Many variants of the LWE problem have been introduced in the literature, mostly with the goal of improving the efficiency of lattice-based cryptography. For example, papers have been devoted to the analysis of LWE when the error e has a non-Gaussian distribution and/or is very small [6, 16, 38], when the secret \(\mathbf { s}\) is sampled from a non-uniform distribution [2, 3, 5, 7, 12], or when the vectors \(\mathbf { a}\) are non-uniform [20, 23]. A long line of research has considered variants of LWE in which auxiliary information is provided about the secret \(\mathbf { s}\) [12, 15, 21, 31]. Extensions of LWE over more general rings have also been extensively studied, starting from the introduction of the Ring-LWE problem [29, 36, 37, 46]. Yet another notable variant of LWE is the learning with rounding (LWR) problem [4, 8, 9], in which the scalar product \(\langle \mathbf { a},\mathbf { s}\rangle \) is partly hidden not by adding some noise e, but by disclosing only its most significant bits.
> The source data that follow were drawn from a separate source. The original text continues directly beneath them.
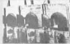
Gas Ovens at Auschwitz

Auschwitz and Birkenau together had the ability to kill 2,000 people at a time with the gas chambers alone. Another 5,000 people were burned alive in a 24 hour period when all the ovens were in use.
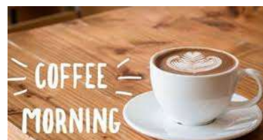
Charlotte Burkett, SENCO
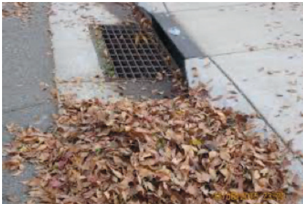
Leaves travel from Curbs and Gutters to Storm Drains

The City picks up leaves in and around the medians. Unfortunately, leaves do not respect property lines and they travel to medians, curbs, and gutters. Whenever possible, please keep the storm water grates in front of your property free of debris. When blowing leaves, please avoid the road, curbs, and gutters.
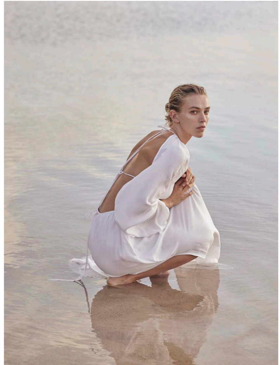
AUGUST 21 | Francis Silk Maxi Dress in Sandwash Optical White
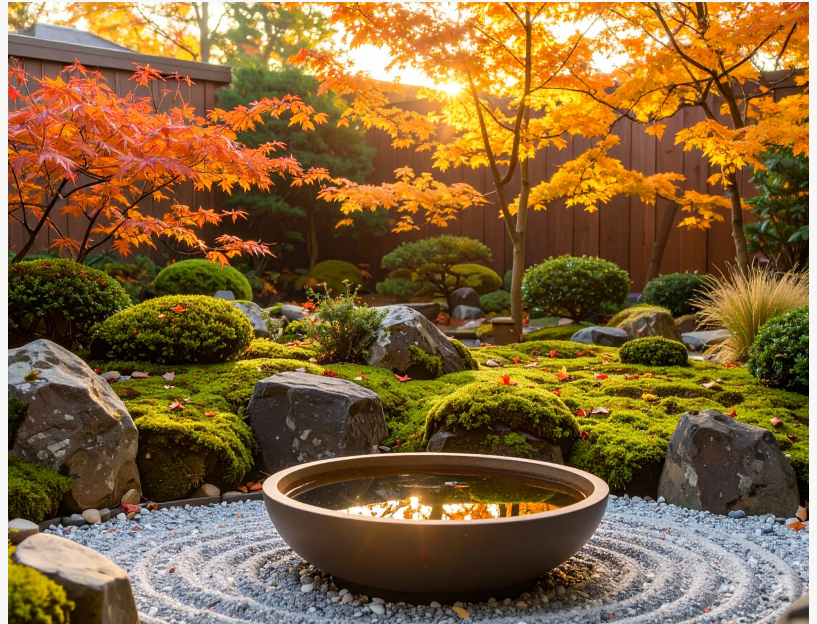
Tranquil Zen Gardens add Value to Property
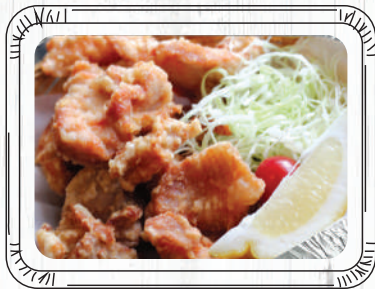
* Deep Fried Boneless Chicken with Seasoned Mayo S - $25 L - $42

Small - serves 4-5 ppl. Large - serves 8-10 ppl*
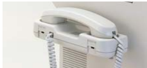
Handset Kit UE-403171
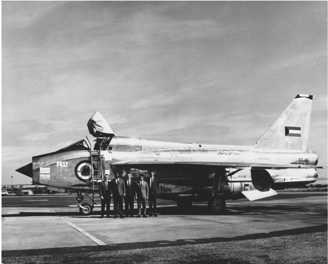
The handover of one of the first Lightning T.55 aircraft for the Kuwaiti Air Force in 1969
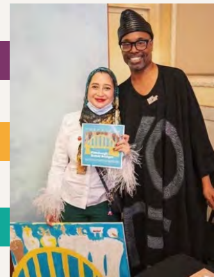
Actor Billy Porter
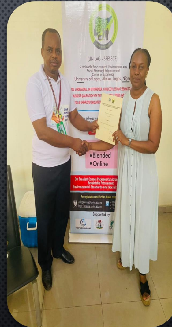
The Centre Leader presenting certificate to one of the female participants, procurement officer from Ikoyi Club

Recently, further exotic variants have emerged in association with schemes submitted to the NIST postquantum cryptography standardization process. One can mention for example Compact-LWE [33, 34], which has been broken [11, 30, 48]; learning with truncation, considered in pqNTRUSign [24]; and Mersenne variants of Ring-LWE, introduced for ThreeBears [22] and Mersenne–756839 [1].

The ILWE Problem. In this paper, we introduce a simpler variant of LWE in which computations are carried out over \(\mathbb {Z}\) rather than \(\mathbb {Z}/q\mathbb {Z}\), i.e. without modular reduction. More precisely, we consider the problem which we call ILWE (“integer LWE”) of finding a vector \(\mathbf { s}\in \mathbb {Z}^n\) given polynomially many samples of the form \((\mathbf { a},\langle \mathbf { a},\mathbf {s}\rangle + e)\in \mathbb {Z}^{n+1}\), where \(\mathbf { a}\) and e follow fixed distributions on \(\mathbb {Z}\).

This problem may occur more naturally in statistical learning theory or numerical analysis than it does in cryptography; indeed, contrary to LWE, it is usually not hard. It can even be solved efficiently when the error e is much larger than the inner product \(\langle \mathbf {a},\mathbf { s}\rangle \) (but not superpolynomially larger), under relatively mild conditions on the distributions involved.

The fact that standard learning techniques like least squares regression should apply to this problem can be regarded as folklore, and is occasionally mentioned in special cases in the cryptographic literature (see e.g. [20, Sect. 7.6]). The main purpose of this work is to give a completely rigorous treatment of this question, and in particular to analyze the number of samples needed to solve ILWE both in an information-theoretic sense and using concrete algorithms.

ILWE and Side-Channel Attacks on BLISS. Our main motivation for studying the ILWE problem is a side-channel attack against the BLISS lattice-based signature scheme described by Espitau et al. at CCS 2017 [19].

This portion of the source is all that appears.